* _What this task involves_: Restrict the output to the lines below starting at the one that contains "Figure 6: Evacuation Plans during Katrina" and ending at the one that contains "failure during hurricane", and restate them word for word, both ends included.

* _Data shown_:
*** Block opens ***
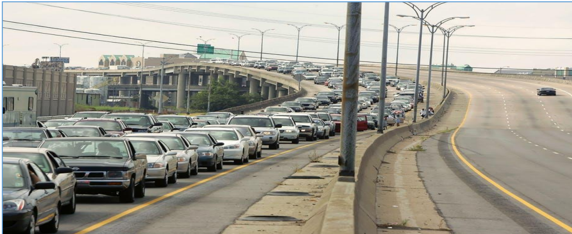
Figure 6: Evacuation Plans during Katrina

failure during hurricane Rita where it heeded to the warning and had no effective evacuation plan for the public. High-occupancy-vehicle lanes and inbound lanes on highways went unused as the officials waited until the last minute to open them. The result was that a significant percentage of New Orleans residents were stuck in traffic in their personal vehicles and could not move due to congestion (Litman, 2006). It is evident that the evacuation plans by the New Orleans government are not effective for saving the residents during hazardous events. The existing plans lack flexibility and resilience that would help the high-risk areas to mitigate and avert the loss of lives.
*** Block closes ***
*** Block opens ***
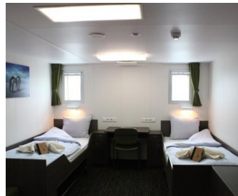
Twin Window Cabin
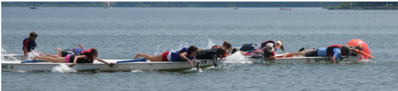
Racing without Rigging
*** Block closes ***
* _Solution to this problem_:
Figure 6: Evacuation Plans during Katrina

failure during hurricane Rita where it heeded to the warning and had no effective evacuation plan for the public. High-occupancy-vehicle lanes and inbound lanes on highways went unused as the officials waited until the last minute to open them. The result was that a significant percentage of New Orleans residents were stuck in traffic in their personal vehicles and could not move due to congestion (Litman, 2006). It is evident that the evacuation plans by the New Orleans government are not effective for saving the residents during hazardous events. The existing plans lack flexibility and resilience that would help the high-risk areas to mitigate and avert the loss of lives.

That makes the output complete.